As can be observed, the distribution of scaled scores is not radically different from year to year. The facts are that the observed lack of change is counter to what is demanded by politicians and educrats (“we must increase our students’ proficiency in order to ensure they are ready for college and career”) and reported by the media. Worse, since the scaled scores are forced to approximate a Bell Curve, students are subjected to what is known in the business world as a “stacked performance rankings”. As noted in a recent Bloomberg article reprinted by the L.A. Times, ranking employees in this manner forces a negative grading on half of the employees and “creates a dysfunctional, stressful, top-down work environment.” It is not surprising, therefore, that roughly half the students across the state are deemed “Standard Nearly Met” or “Standard Not Met” every single year that the SBAC has been administered.

Are politicians, educrats and the media aware that this is what is behind all those claims that the sky is falling?

While Fig. 2b is barely different from the one included in Fig. 1a, presenting the performance bins side by side shows that each bin contains roughly one-quarter of the entire population. Putting aside what was raised above about the impossibility that 3rd grade teachers across the state are teaching 4th grade materials, it seems that the cutoff points have been chosen without consideration of statistical concepts (for example, the cutoff points are nowhere near the standard deviation of the distribution).

How were they chosen? According to the SBAC Consortium , this is how the scaled score cutoff points were determined:

Through a series of online and in-person activities, educators, parents, and community leaders helped ensure the assessments are based on fair and rigorous expectations for students. The process consisted of three phases:

1. An Online Panel allowed thousands of K-12 educators, higher education faculty, parents, and other interested parties to participate virtually in recommending achievement levels.

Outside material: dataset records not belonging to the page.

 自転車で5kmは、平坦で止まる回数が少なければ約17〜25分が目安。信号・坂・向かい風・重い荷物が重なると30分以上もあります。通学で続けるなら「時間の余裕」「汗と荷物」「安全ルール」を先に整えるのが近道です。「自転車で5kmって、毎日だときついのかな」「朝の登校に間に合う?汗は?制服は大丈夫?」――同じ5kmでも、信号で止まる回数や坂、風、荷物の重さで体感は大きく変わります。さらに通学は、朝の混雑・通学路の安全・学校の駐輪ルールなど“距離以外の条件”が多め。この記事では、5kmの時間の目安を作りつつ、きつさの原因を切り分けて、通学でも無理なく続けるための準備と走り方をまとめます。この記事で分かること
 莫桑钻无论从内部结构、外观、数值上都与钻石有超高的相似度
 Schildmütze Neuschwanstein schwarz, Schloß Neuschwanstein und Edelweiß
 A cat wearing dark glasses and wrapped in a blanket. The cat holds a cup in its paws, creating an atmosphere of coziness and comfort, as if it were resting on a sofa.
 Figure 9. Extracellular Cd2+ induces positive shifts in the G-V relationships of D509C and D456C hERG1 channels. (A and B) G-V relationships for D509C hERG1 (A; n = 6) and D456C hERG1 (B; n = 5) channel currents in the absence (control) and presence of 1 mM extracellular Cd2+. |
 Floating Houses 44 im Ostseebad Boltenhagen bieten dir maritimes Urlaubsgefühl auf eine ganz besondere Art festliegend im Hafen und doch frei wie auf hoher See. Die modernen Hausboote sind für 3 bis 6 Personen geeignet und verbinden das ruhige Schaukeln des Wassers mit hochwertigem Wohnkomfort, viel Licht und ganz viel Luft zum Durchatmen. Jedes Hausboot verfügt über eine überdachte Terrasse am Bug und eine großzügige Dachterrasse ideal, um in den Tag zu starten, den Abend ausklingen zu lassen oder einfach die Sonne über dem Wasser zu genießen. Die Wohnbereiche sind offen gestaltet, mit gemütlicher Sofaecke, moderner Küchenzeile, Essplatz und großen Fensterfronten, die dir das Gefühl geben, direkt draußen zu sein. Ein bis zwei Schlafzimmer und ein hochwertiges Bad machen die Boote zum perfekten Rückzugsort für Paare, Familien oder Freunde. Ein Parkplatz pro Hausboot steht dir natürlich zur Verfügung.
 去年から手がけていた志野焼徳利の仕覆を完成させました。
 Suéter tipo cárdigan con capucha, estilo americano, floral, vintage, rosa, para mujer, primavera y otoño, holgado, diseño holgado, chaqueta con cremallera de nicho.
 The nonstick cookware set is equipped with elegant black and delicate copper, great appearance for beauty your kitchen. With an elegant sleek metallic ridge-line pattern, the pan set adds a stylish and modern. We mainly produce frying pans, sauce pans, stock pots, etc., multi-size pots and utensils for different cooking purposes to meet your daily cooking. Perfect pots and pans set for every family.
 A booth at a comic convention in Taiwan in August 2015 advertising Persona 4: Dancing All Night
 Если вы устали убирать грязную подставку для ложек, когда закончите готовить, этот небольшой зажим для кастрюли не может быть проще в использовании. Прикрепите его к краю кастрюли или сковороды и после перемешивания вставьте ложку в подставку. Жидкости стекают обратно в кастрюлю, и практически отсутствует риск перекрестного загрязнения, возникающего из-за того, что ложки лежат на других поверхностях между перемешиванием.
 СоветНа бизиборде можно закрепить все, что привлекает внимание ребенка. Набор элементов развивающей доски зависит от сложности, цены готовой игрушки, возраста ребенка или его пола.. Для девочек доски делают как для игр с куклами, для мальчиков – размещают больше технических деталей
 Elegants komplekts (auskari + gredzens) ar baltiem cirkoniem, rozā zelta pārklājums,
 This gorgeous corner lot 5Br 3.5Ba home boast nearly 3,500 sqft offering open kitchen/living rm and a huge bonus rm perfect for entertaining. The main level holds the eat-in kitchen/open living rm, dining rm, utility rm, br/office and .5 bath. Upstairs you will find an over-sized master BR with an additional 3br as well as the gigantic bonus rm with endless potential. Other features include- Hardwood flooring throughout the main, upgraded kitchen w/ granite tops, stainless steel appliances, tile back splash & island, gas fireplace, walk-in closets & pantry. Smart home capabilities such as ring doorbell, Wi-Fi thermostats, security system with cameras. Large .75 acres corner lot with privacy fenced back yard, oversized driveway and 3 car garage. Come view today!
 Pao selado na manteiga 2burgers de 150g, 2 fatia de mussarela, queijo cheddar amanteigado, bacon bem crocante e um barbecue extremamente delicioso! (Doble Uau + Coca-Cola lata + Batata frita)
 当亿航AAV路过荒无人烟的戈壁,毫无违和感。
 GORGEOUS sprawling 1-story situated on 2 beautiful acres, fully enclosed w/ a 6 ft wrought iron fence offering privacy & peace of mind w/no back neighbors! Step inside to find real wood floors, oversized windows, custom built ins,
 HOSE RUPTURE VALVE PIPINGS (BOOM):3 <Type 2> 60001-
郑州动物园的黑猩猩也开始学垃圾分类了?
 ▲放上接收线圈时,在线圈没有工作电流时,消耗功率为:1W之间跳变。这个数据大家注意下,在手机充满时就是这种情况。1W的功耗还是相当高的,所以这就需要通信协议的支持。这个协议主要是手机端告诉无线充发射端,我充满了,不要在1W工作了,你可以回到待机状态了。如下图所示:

2. An In-Person Panel with educators and other stakeholders working in grade-level teams deliberated and made recommendations for the threshold scores of the four achievement levels.

3. The Cross-Grade Review Committee, a subset of the In-Person Panel, examined recommendations across all grades to consider the reasonableness of the system of cut scores.

In other words, the levels were selected by multiple committees and there is no way to trace the origin of these cutoff points, which have not changed since 2013, much less identify their justification. Hence, there is plausible deniability all around since not one group is responsible for this decision.

While the SBAC itselfs says the tests should be continuously validated, the mere fact that the distribution of scaled scores has not changed significantly is clear proof that they have been left alone since their initial design albeit with minor tinkering with new questions. Yet, politicians, educrats, and the media insist on using the proficiency levels derived from the SBAC tests results to judge whether schools are failing their students. Using the results this way does not help students in mastering the standards since, by definition, their abilities are matched to the questions. Because this implicitly enshrines a hierarchy in abilities in students, then there will never be an opportunity to achieve 100% proficiency as the federal No Child Left Behind Act once demanded.

As the largest school district in California, our leaders at LAUSD should be the loudest voices calling out the conflict in having a test defined by a set of questions of varying degrees of difficulty that ultimately herds the test taker into a particular “mastery” bin. Particularly since this placement is based on the responses to questions chosen by some Artificial Intelligence algorithm from a predefined pool of questions.

So far, Superintendent Carvalho has chosen to prop up SBAC.

Yet, when we drill deeper into the tests in Demystifying California State Tests. Part 2: The Biases, we discover that the biases in the tests might not line up with the public’s assumptions.

It isn’t hard to see that the sky is not falling. The tests are simply failing our students.